Saturday 18 November 2017

Councils face cuts in services as 'mini-Nama' scheme suspended

Majella O'Sullivan

Majella O'Sullivan

CASH-strapped city and county councils will have to fork out millions of euro in loan repayments for land that was supposed to be transferred to a government-run scheme.

The Department of the Environment can no longer afford the scheme to bail out the councils, meaning services will have to be cut to make up the shortfall.

Councils had applied to have land that was bought for development for housing during the boom transferred to the department's Land Aggregation Scheme.

However, the department is now saying it is not agreeing any proposals without first reviewing its spending.

Under the scheme introduced in 2010, described as a "mini-NAMA for councils", local authorities would transfer ownership of land to the Housing and Sustainable Communities Agency to decide if it was to be developed or sold on the open market.

The move came after local authorities spent millions on landbanks to develop social and affordable housing during the boom, which had been approved and encouraged by the department.

The transfer of land under the scheme removed the burden of interest repayments from the local authority.

For example, Kerry County Council had applied to transfer almost 14 hectares of development land (34 acres), and now faces a bill of €750,000 for interest loan repayments next year.

The land was purchased between 2005 and 2007, at the height of the housing boom.

Up until now, the council had availed of a seven-year interest-free period, but this is due to run out at the end of the year.

So far, applications worth €316m in loan value have been received by the department for inclusion in the scheme and 73 sites, representing 247 hectares and just over €162m in loans, have been accepted.

But the scheme is now under review and the department is not currently processing any more applications.
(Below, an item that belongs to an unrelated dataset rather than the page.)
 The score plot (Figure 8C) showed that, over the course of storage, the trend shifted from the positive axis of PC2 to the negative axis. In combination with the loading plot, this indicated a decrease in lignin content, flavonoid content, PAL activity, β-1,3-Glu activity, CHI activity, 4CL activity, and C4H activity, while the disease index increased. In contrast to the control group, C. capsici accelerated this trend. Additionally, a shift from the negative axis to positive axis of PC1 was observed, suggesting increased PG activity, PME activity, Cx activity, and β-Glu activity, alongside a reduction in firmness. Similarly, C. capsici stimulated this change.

While the matter is waiting to be resolved, councils will have to find the cash in their budgets to service the loans.


At its monthly meeting, Kerry County Council heard this would have "serious implications" for the budget, and services would have to be cut to make up the shortfall.
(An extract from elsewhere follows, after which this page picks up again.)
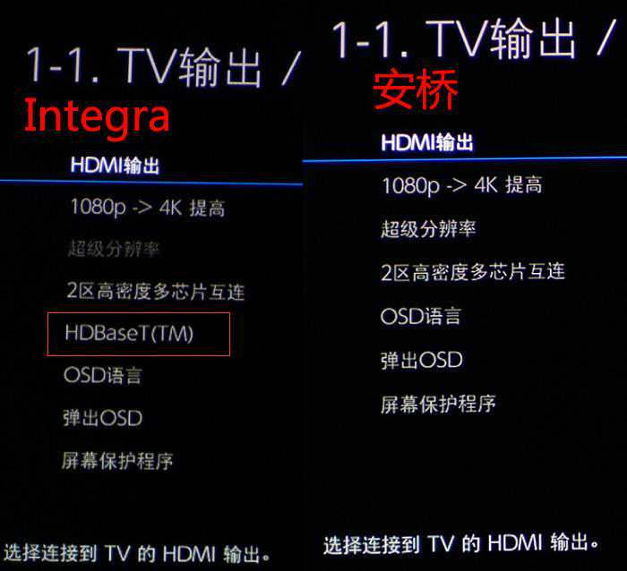 在第一页里面,就有一个只有Integra功放才有的重要功能,叫做HDBaseT。

Director of housing John Breen said he had been informed verbally of the changes, but formal written notification had yet to be received.
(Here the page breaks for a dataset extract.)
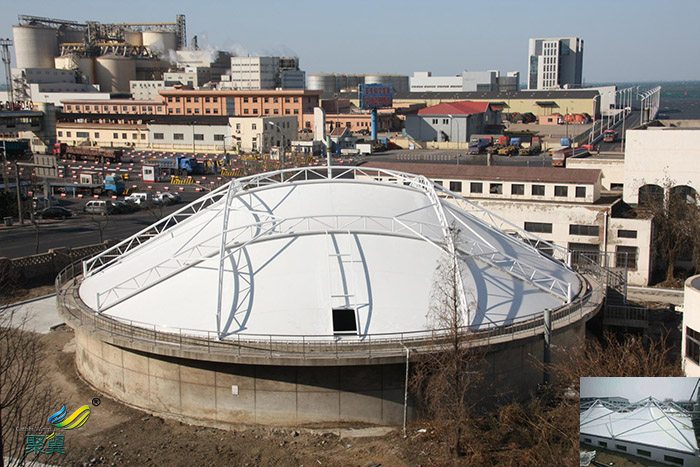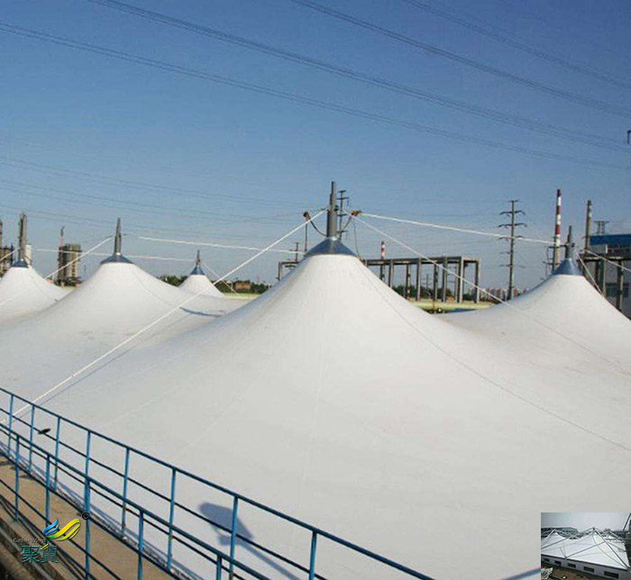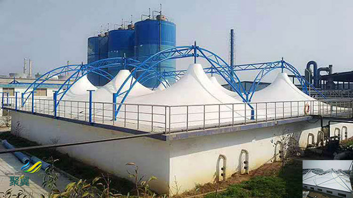 2、污水池加蓋防腐效果好;由于膜材料結(jié)構(gòu)建筑的特殊性,可將鋼架設(shè)在外面,只有膜材料結(jié)構(gòu)接觸污水池,基本解決腐蝕問題,而且將來也不用考慮保養(yǎng)問題。

Several other local authorities that had applied to transfer land also now have to face the prospect of cutting services.

"We were encouraged to buy this land by the department and we're now in a position, like a lot of developers, where it must be paid for," Mr Breen told the Irish Independent.

Mr Breen said the department had invited applications for the Land Aggregation Scheme, and the council had complied with everything it had been asked for.

"And now, at the final hour, they've turned around and said they can't afford it, but there's going to have to be some resolution on it," he said.

"Everybody is in the same boat because they're not approving any applications, and what the department is saying is this is now a debt issue and they're looking to move it to the Department of Public Expenditure."

A spokesman for the department said funding for the scheme was agreed on condition that it be kept under continuous review.

He said the scheme was currently under review and the department was not in a position to progress any applications until this had been completed.